Tuberculosis continues to be one of the most important infections prevalent in this part of the world. It can affect any organ. Awasthy and co-authors have described a series of patients with tuberculosis of the calvarium, which is rather uncommon. Unlike descriptions from abroad, calvarial tuberculosis was reported in immunocompetent patients. The imaging characteristics of these patients are worth remembering.

We are introducing yet another new feature in this issue, namely clinicopathological conference. The inaugural CPC is on an unusual case of meningitis, in which the precise diagnosis eluded the clinicians despite extensive investigations. Meningitis is a common, yet, serious problem that neurologists are called upon to manage regularly. This CPC provides extensive discussion on diagnostic approach in such cases.

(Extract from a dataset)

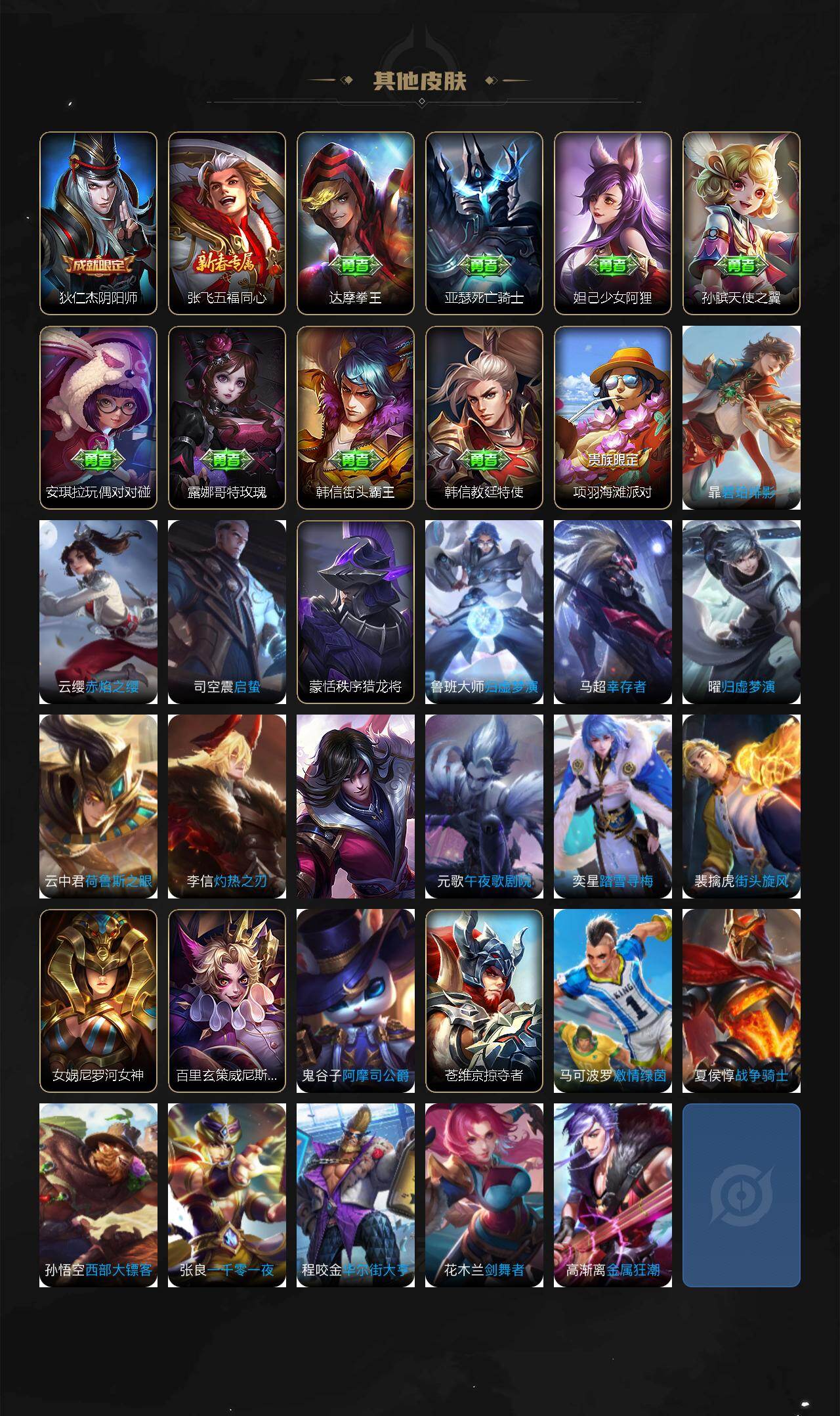 安卓Q-V7-最强王者段位-127英雄-165皮肤-1典藏皮肤-9传说-59史

This is the last issue of the journal in 2006. We were able to bring out all the issues on time. The responses and comments from the readers and members of the academy had been very encouraging to all of us in the editorial board. We would like to thank all the distinguished neurologists who had served on the editorial advisory board. A large number of experts in various fields had offered their precious time and intellect to the journal by reviewing the articles. They had kept the time restrictions that we had imposed on them. I would like to acknowledge with gratitude their yeomen services to the journal. Ms. Medknow Publications had taken care of all the aspects of publication of the journal in the hard copy as well as the online version. I would also like to thank the various pharmaceutical companies that had placed advertisements in the journal. Several persons and groups have worked silently in the background to maintain the high standards of the journal. I would like to thank all of them for their services. Let us hope that the journal will improve further in the years to come. I wish you all a happy Christmas and a bright New Year.